* _Requirement_
Print the lines below from the line with "Spatial distribution pattern and" to the line with "接下来,我们要将这个小工具拖" exactly, keeping both ends, and print no pictures.

[Items from a data source]

+--

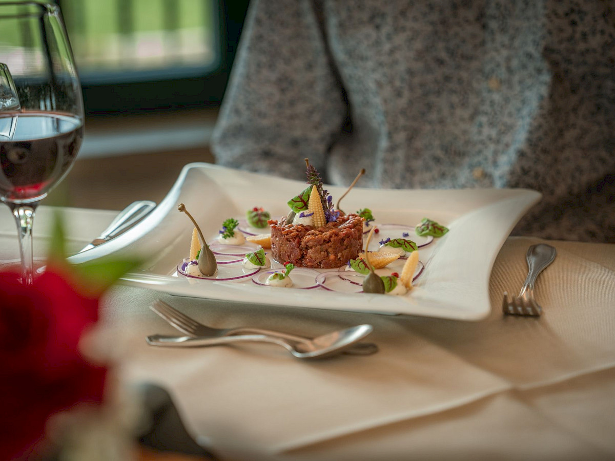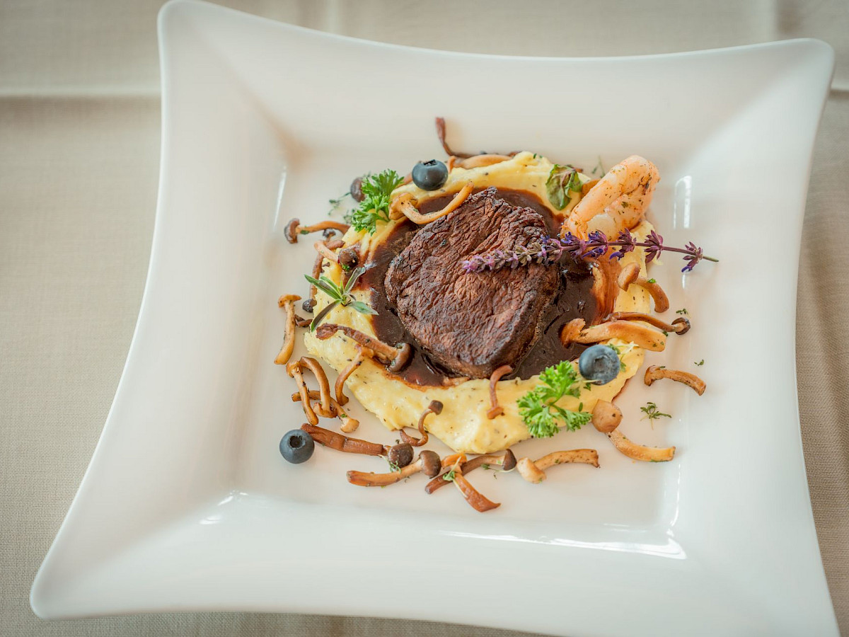 Wir bieten Ihnen zur jeweiligen Saison passende Spezialitäten, die wir traditionell zubereiten und zeitgemäß interpretieren. Auch Wild aus dem hauseigenen Jagdrevier und Tiroler Schmankerl finden Sie das ganze Jahr über auf unserer Speisekarte.
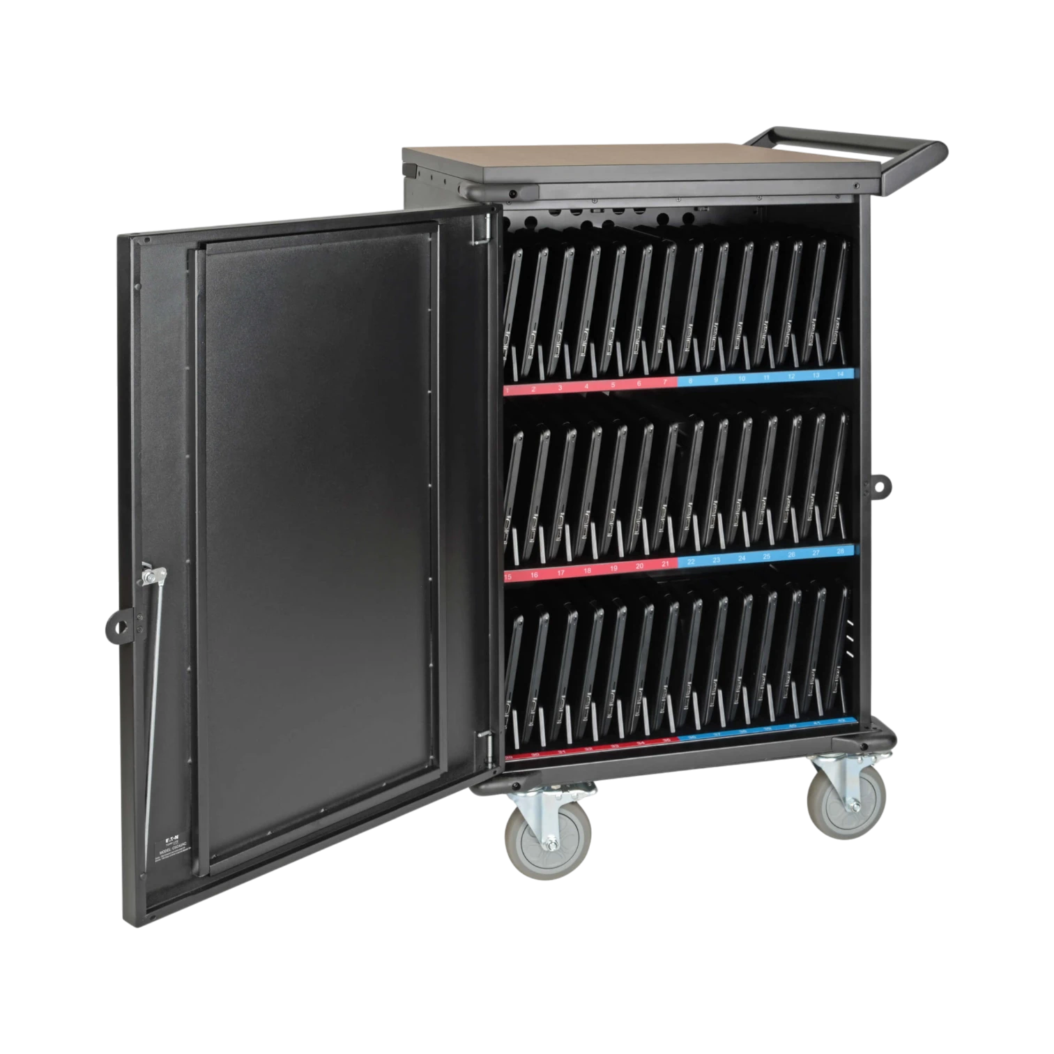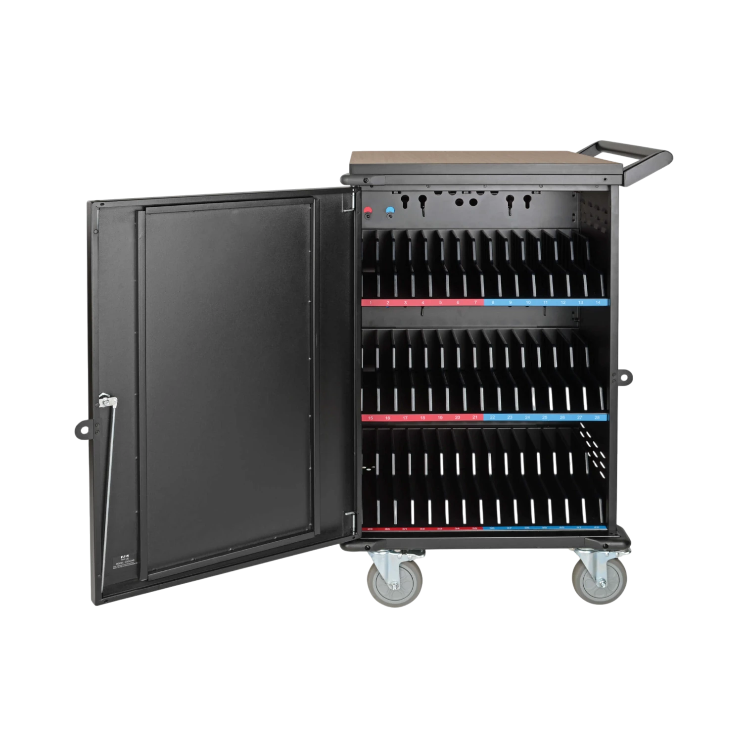The Eaton CSC48AC is a mobile charging cart designed to charge, organize, and secure up to 48 laptops and Chromebooks simultaneously. It uses timed AC charging with two alternating zones to prevent electrical overloads, ensuring efficient power distribution. The cart’s heavy-duty steel construction and lockable doors provide security, while its large swivel casters and cable management system make it easy to move and keep cords tidy in busy environments like schools, offices, or training centers.
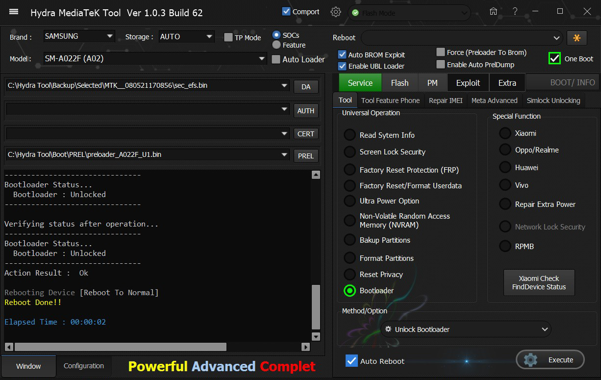 Samsung SM-A022F (A02) Unlock Bootloader successfully done by Hydra
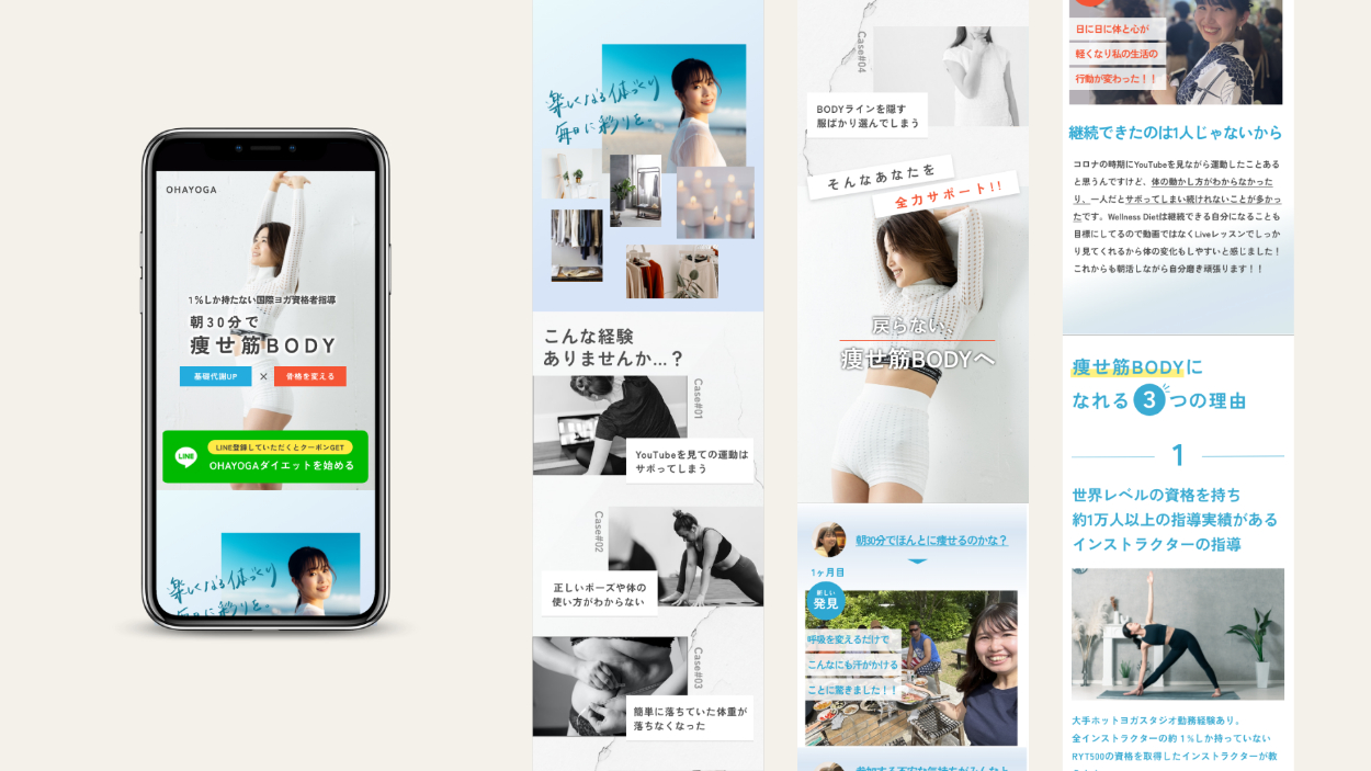 ペルソナ設計|LP制作(構成・デザイン)|オンライン朝活ヨガ| N フリーランスWebデザイナー 自身で開催している朝活オンラインヨガサービスOHAYOGAのLP制作をしました。ペルソナから考え構成・ライティング・デザインを考えました。ペルソナデザイン
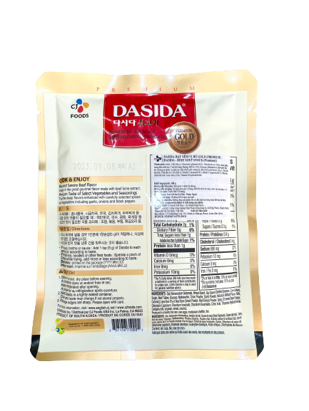 Hạt nêm bò Dasida Gold Premium CJ 100g là một phiên bản nâng cấp đầy chất lượng hơn khi thành phần có chứa chiết xuất thịt bò Hàn Quốc thật, kết hợp thêm một số nguyên liệu như bột hành, bột tỏi, tiêu, nước tương,…hòa quyện đều với nhau, tổng thể tạo nên hương vị đậm đà và sâu sắc, mang đến những món ăn có mùi vị quê nhà quen thuộc.
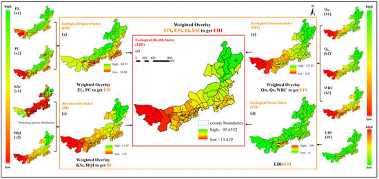 Spatial distribution pattern and calculation process of EHI sub-indicators: ecological pattern indicators include EL (a1), PC (a2), and Ecological Pattern Index (EPI) (a); ecological function indicators include Qw (b1), Qs (b2), WRC (b3), and Ecological Function Index (EFI) (b); biodiversity indicators included KSr (c1), HQI (c2), and Biodiversity Index (BI) (c); ecological stress indicators, including LDI (d1) and Ecological Stress Index (ESI) (d). Using weighted overlay to integrate EPI, EFI, BI, and ESI to obtain the spatial distribution pattern of Ecological Health Index (EHI) (e). Note: EHI stands for Ecological Health Index; EL stands for the ecological land area ratio index, PC stands for the connectivity of important ecological spaces index; Qw stands for the windbreak and sand fixation index, Qs stands for the soil and water conservation index, WRC stands for the water conservation index; KSr stand for the Priority Protection Organisms index, HQI stands for the Habitat Quality Index; LDI stands for the land-based development interference index. Secondary indicators are shown in black, primary indicators are shown in orange, and final indicators (i.e., EHI) are shown in red.
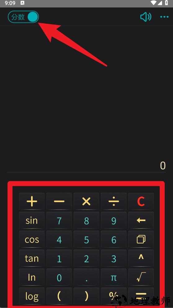 1、在主界面切换到分数模式,用户可以进行带分数的加减乘除和高级计算,界面下方的功能键区支持多样化运算。
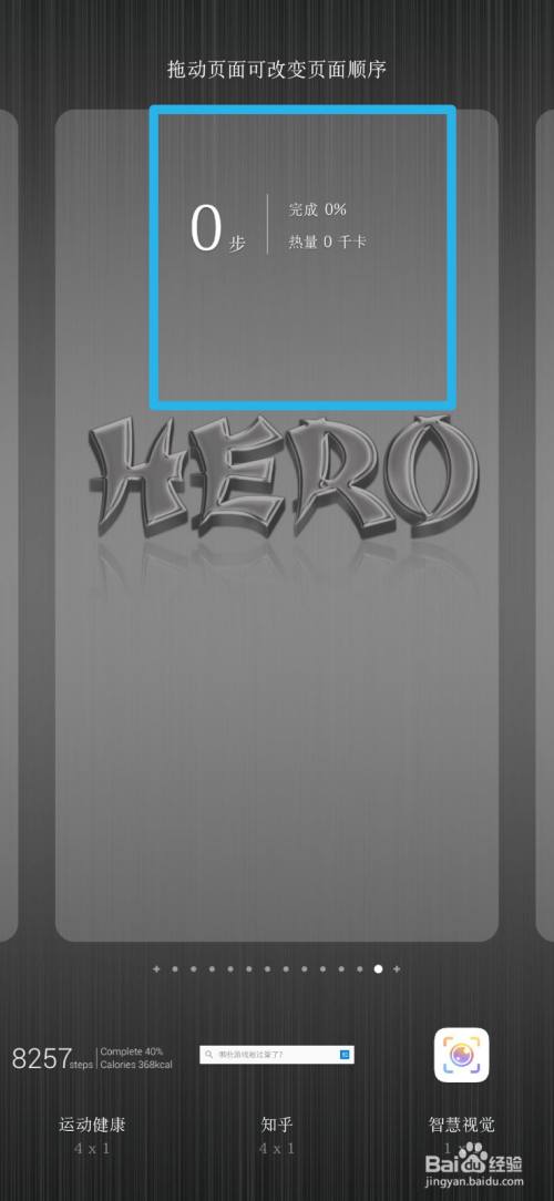 接下来,我们要将这个小工具拖动到界面上,如图所示,你之后就可以通过这个小工具知道你一天行走的步数了。
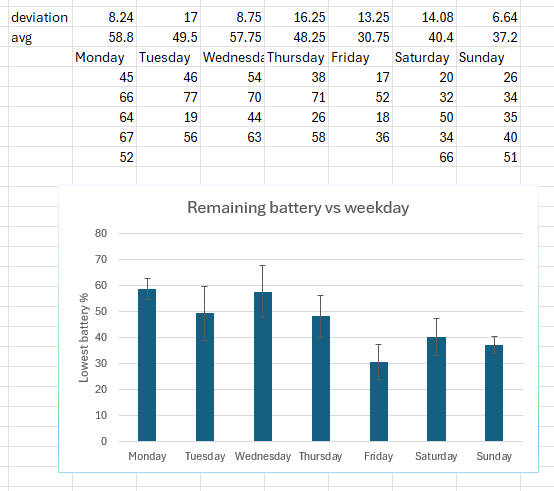 Data was gathered using home assistant. Used grafana to find lowest % each day, moved manually to excel to average it by weekday and find the standard deviation.
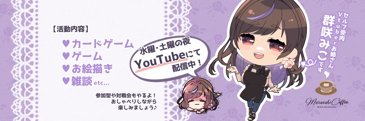 【#群咲みこ Links】 ☕YouTube:youtube.com/channel/UC6w7D… 💜FANBOX:chamicoro326.fanbox.cc ☕BOOTH:mikomurasaki.booth.pm 💜pixiv:pixiv.net/users/61976260 ☕Skeb:skeb.jp/@chamicoro326 💜マロ:marshmallow-qa.com/chamicoro326?u… ☕ほしい物:amazon.jp/hz/wishlist/ls… 💜Steam:store.steampowered.com/wishlist/profi…
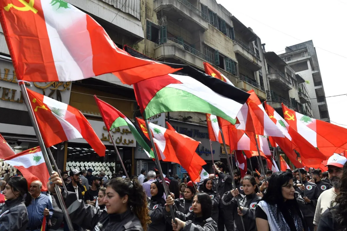 Lübnanlı partiler ve vatandaşlar, Beyrut'ta düzenlenen İşçi Bayramı yürüyüşünde Filistin ve Lübnan bayrakları açtı. (EPA)
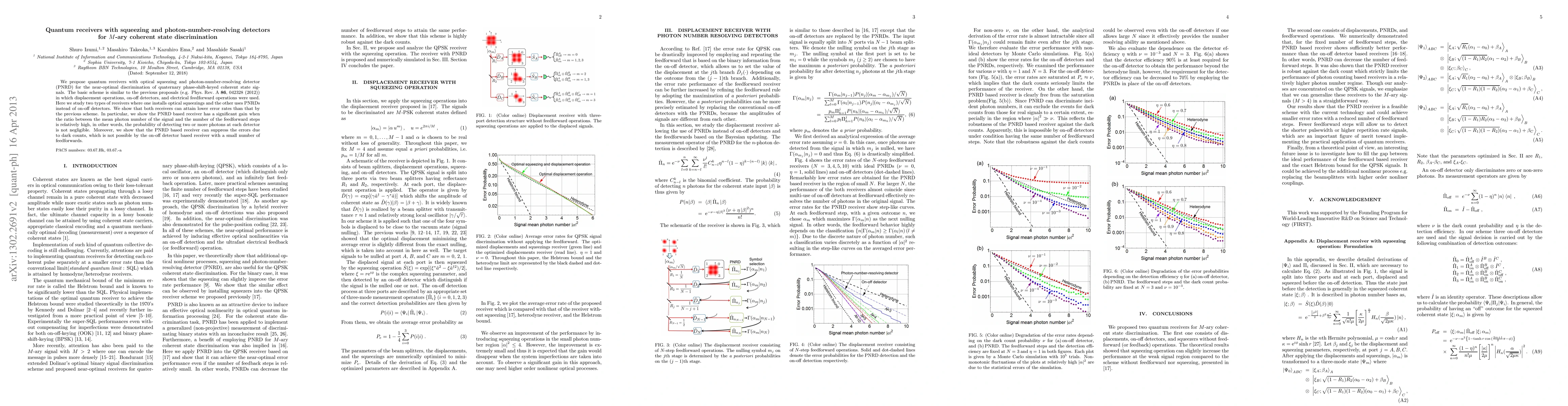This paper proposes quantum receivers utilizing optical squeezing and photon-number-resolving detectors (PNRD) for improved discrimination of quaternary phase-shift-keyed signals. The PNRD-based receiver demonstrates lower error rates and error suppression due to dark counts compared to previous schemes using on-off detectors.

+--

* _Answer to the exercise_
 Spatial distribution pattern and calculation process of EHI sub-indicators: ecological pattern indicators include EL (a1), PC (a2), and Ecological Pattern Index (EPI) (a); ecological function indicators include Qw (b1), Qs (b2), WRC (b3), and Ecological Function Index (EFI) (b); biodiversity indicators included KSr (c1), HQI (c2), and Biodiversity Index (BI) (c); ecological stress indicators, including LDI (d1) and Ecological Stress Index (ESI) (d). Using weighted overlay to integrate EPI, EFI, BI, and ESI to obtain the spatial distribution pattern of Ecological Health Index (EHI) (e). Note: EHI stands for Ecological Health Index; EL stands for the ecological land area ratio index, PC stands for the connectivity of important ecological spaces index; Qw stands for the windbreak and sand fixation index, Qs stands for the soil and water conservation index, WRC stands for the water conservation index; KSr stand for the Priority Protection Organisms index, HQI stands for the Habitat Quality Index; LDI stands for the land-based development interference index. Secondary indicators are shown in black, primary indicators are shown in orange, and final indicators (i.e., EHI) are shown in red.
 1、在主界面切换到分数模式,用户可以进行带分数的加减乘除和高级计算,界面下方的功能键区支持多样化运算。
 接下来,我们要将这个小工具拖动到界面上,如图所示,你之后就可以通过这个小工具知道你一天行走的步数了。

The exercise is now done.